User feedbacks collection: https://docs.google.com/spreadsheets/d/1z5ZdCslNCnSVR7TNlUTHjSvunMFmT_9G9NOx8-O78-I/edit?usp=sharing&resourcekey=0-DITlG8tDuFDWHiBUHnlSoQ ------------ It seems that many developers have not noticed the upcoming launch despite outreach efforts, and will likely only notice once Chrome ships the secure context restriction. Thus delaying the launch by a few milestones to offer more breathing room to the currently-aware developers would not mitigate the risk when we ship the next time. A Deprecation Trial seems like the logical next step. This would allow us to protect the vast majority of users of the web by at least requiring attackers to sign up for the trial, itself a deterrent. Simultaneously, it would give enough time to legitimate websites to work around the new restriction. Finally, it would allow more time for discussions should our planned solutions fail to adequately address developers’ concerns.
We have collected 20+ developers' feedback since the last milestone. 85.7% developers said that they are still migrating to HTTPS, 50% said they need more time and 50% said they are not able to migrate local devices for various reasons and need future help. In the meanwhile, we are also collecting developers' feedback on our future plan for websites that cannot migrate their private devices to HTTPS but would like to migrate their public websites. 11.1% websites answered probably yes to our new feature and 72.2% responded might or might not.

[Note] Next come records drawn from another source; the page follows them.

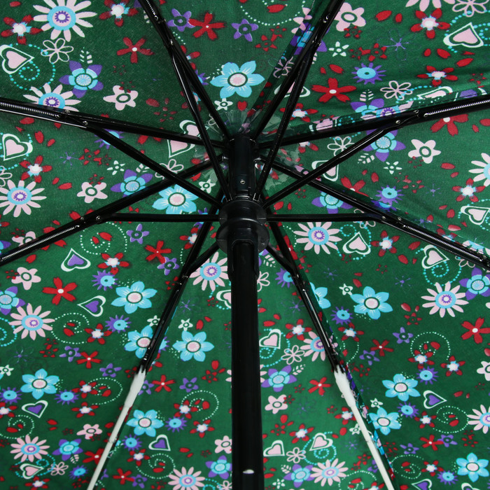 Зонт автоматический "Сердца и бабочки", R=49см, цвет зелёный
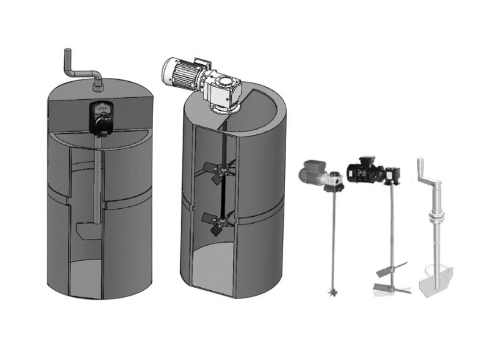 7. Hand and Electric Mixers: Optional hand and electric mixers are available to provide consistency in chemical concentrate. Electric mixers feature low-speed (200rpm) geared motors, PVC shafts with paddles, and are suitable for low to medium viscosity liquids. Hand mixers, made from PVC, include a V-shaped mixing plate and a lever handle for manual mixing.
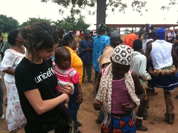 In hopes of keeping her fans updated and opening their eyes to the ways in which the children of Ghana live, Selena tweeted a bunch of photos from her trip so far. Says the star: “ got a lesson in how to dance, then we flew to Tamale, Ghana to visit kids who told us about how UNICEF is helping them. I also went to visit a tribe where the women gifted me with an outfit they hand made. Then I got to hold a new born baby.”
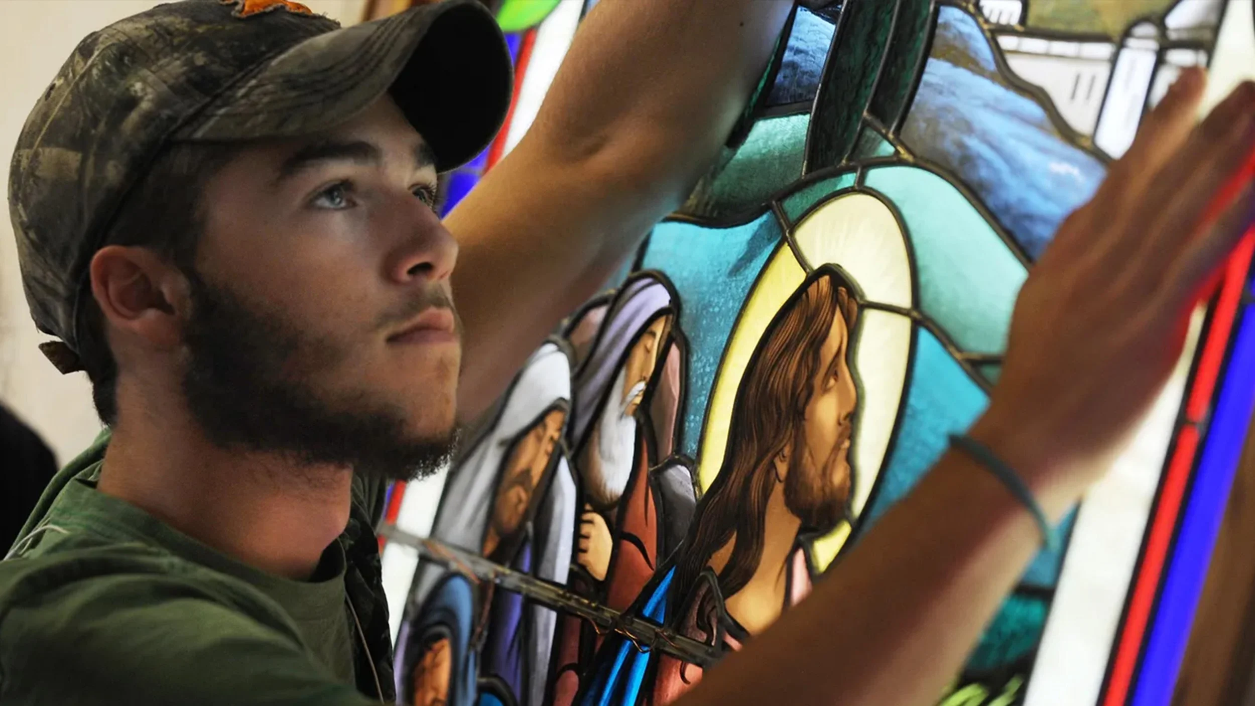 The multicolored panels, which show Jesus in various guises, will capture church members’ imaginations, he said.
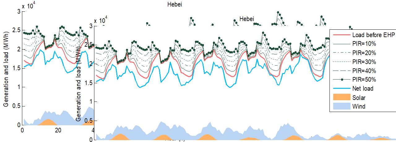 基于我国北方的实证分析表明,农村地区能源终端大幅提升的电气化水平将显著改变省级电网的负荷曲线,近年来河北省着力推进电代煤布局,某典型周的小时级负荷曲线如图1所示。
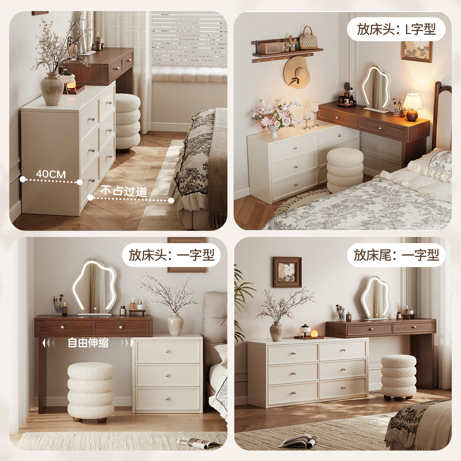 中古奶油风梳妆台卧室现代简约斗柜收纳柜一体床尾化妆桌 2026新款
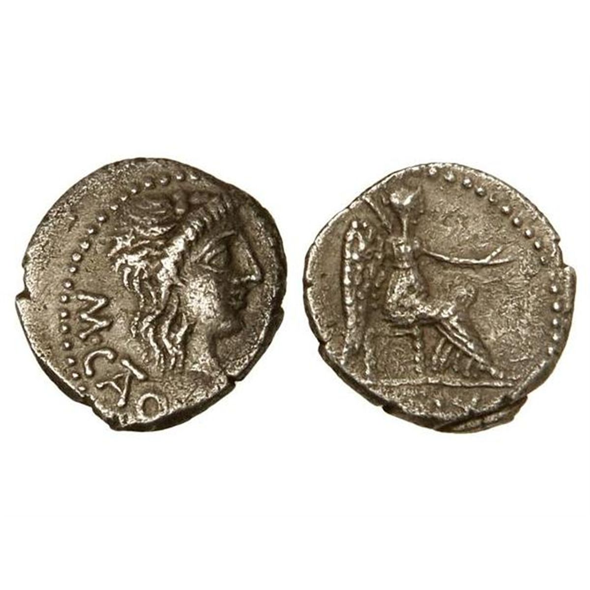 ROMAN COINS: ROMAN REPUBLIC - Quinario. - 89 a.C. - PORCIA. - M. Porcius Cato. - Anv.: M. CATO. Busto de Libertad a derecha. Rev.: (VICTRIX). Victoria Sedente. Se-248. MBC+. - -
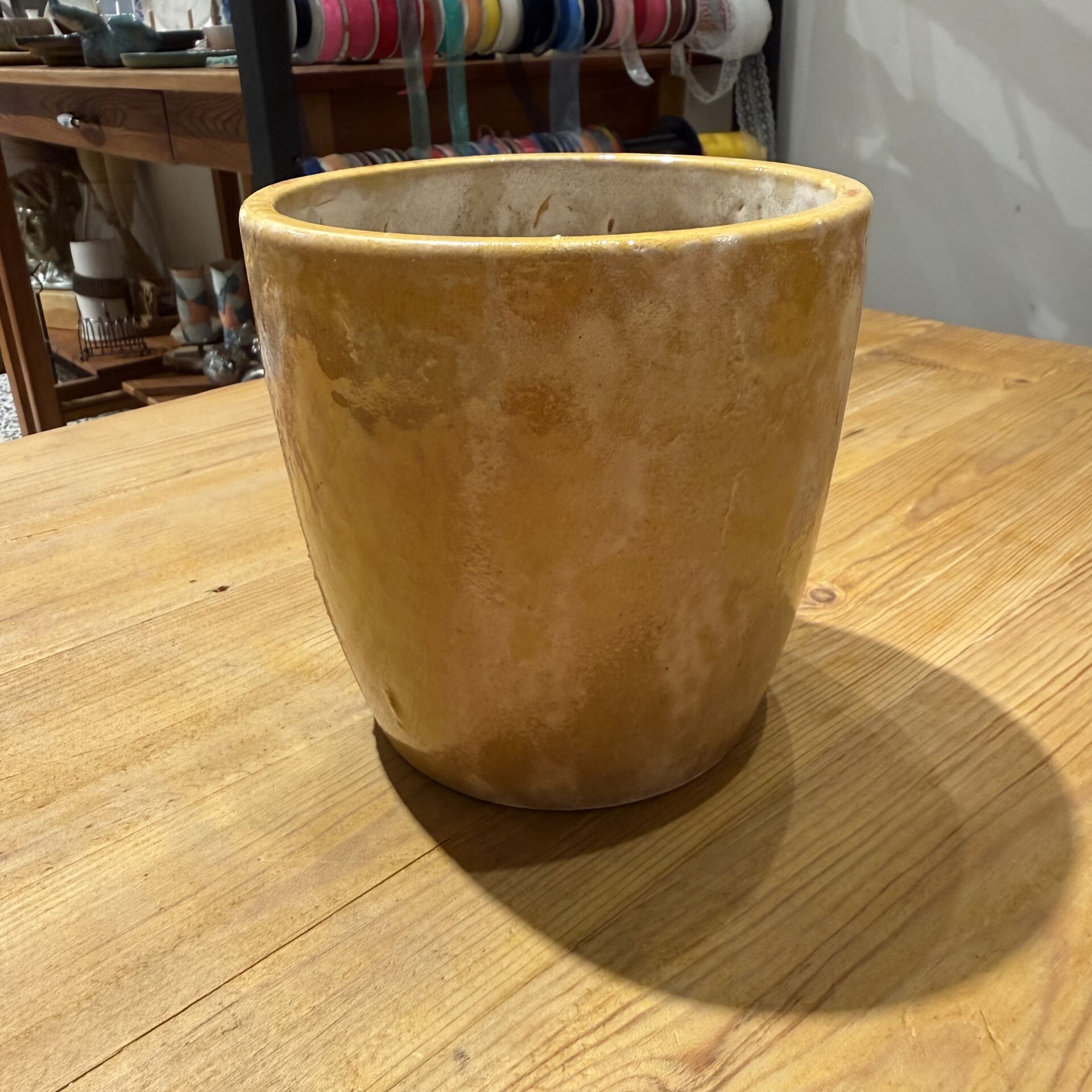 13*13 cm çapında, 12 cm derinliği olan seramik saksı.
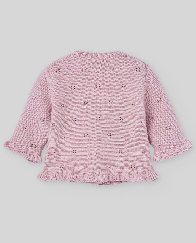 Chaqueta de punto larga para niña, confeccionada en punto fantasía con textura suave y cuerpo cálido.

The major considers are they also need the allowance on frames/iframes (Q8 64.7%), want to use IP address as ids in permission (Q12 82.3%), too many permission prompt might be a spam (2 answers) and need to wait for other browsers supporting Private Network Access. In this case, we are also actively changing our further plan and collaborating with other browsers at the same time. ------------ The main workaround suggested to impacted websites was to use WebTransport's serverCertificateHashes feature. That is only shipping in Chrome 100; developers need more time to try it out. In addition, some issues have been identified with WebTransport that are prompting us to re-evaluate alternatives. In the meantime, keeping the trial going helps "staunch the bleeding" and provides a channel for discussing plans with affected web developers.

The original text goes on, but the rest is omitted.